EXERCISE. Nothing below is to be printed except the lines between the line holding "Fitted with a" and the line holding "後に産後うつとわかり、冒頭の", inclusive, each exactly as it appears.

RECORD SET.

------

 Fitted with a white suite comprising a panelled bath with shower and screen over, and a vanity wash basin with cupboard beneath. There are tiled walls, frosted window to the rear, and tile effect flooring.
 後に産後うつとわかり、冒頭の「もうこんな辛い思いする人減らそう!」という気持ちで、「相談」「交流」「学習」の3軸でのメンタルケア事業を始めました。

------

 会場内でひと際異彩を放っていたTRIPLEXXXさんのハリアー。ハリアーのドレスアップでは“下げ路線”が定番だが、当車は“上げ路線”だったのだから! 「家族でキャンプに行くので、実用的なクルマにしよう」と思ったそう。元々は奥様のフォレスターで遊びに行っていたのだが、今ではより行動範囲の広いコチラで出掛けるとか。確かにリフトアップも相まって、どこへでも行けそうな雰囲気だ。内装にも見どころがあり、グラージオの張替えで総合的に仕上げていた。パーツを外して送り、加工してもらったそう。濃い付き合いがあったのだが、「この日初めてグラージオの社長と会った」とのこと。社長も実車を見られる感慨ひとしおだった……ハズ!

------

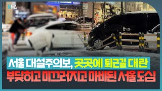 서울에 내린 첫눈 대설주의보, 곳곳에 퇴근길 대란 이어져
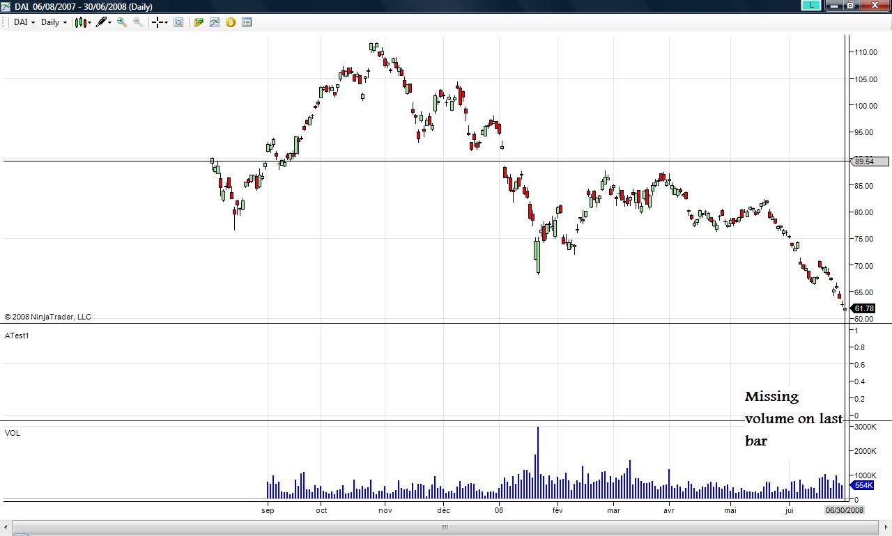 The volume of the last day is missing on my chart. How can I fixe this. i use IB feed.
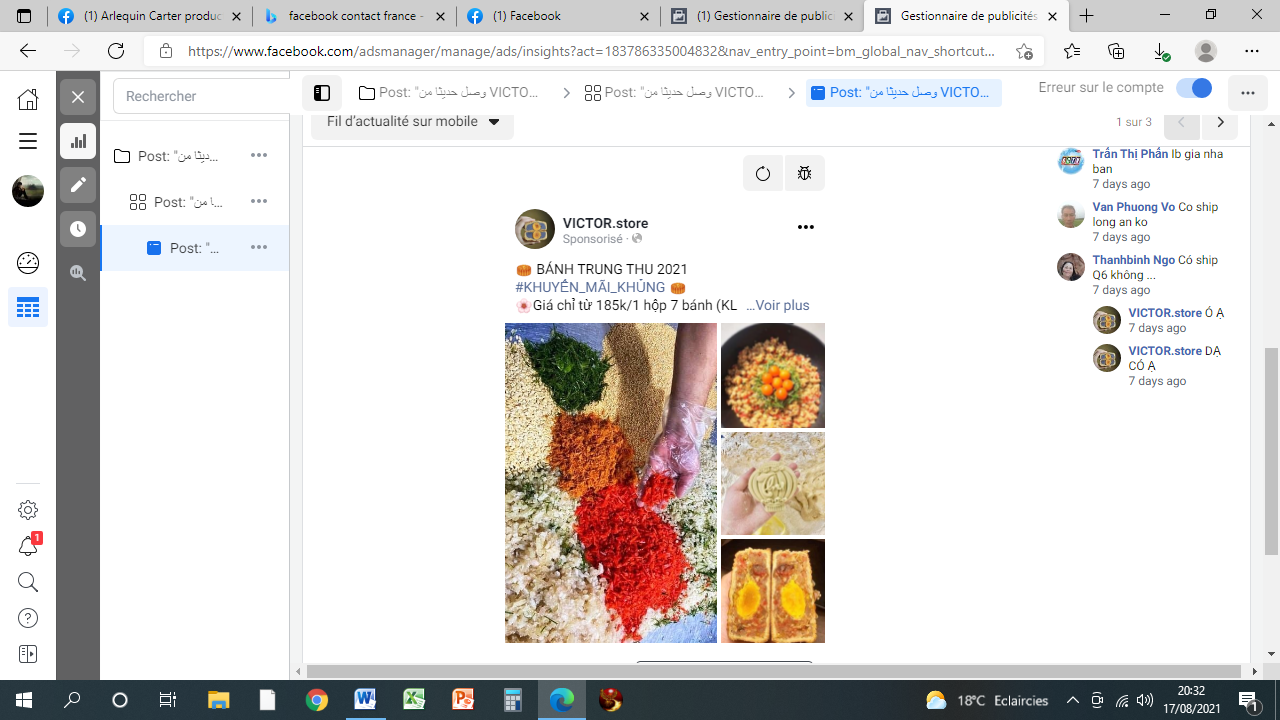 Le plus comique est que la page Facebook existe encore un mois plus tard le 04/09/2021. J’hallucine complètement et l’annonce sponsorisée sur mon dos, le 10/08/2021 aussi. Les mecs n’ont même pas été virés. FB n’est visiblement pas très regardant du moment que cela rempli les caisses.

------

ANSWER SECTION.
 Fitted with a white suite comprising a panelled bath with shower and screen over, and a vanity wash basin with cupboard beneath. There are tiled walls, frosted window to the rear, and tile effect flooring.
 後に産後うつとわかり、冒頭の「もうこんな辛い思いする人減らそう!」という気持ちで、「相談」「交流」「学習」の3軸でのメンタルケア事業を始めました。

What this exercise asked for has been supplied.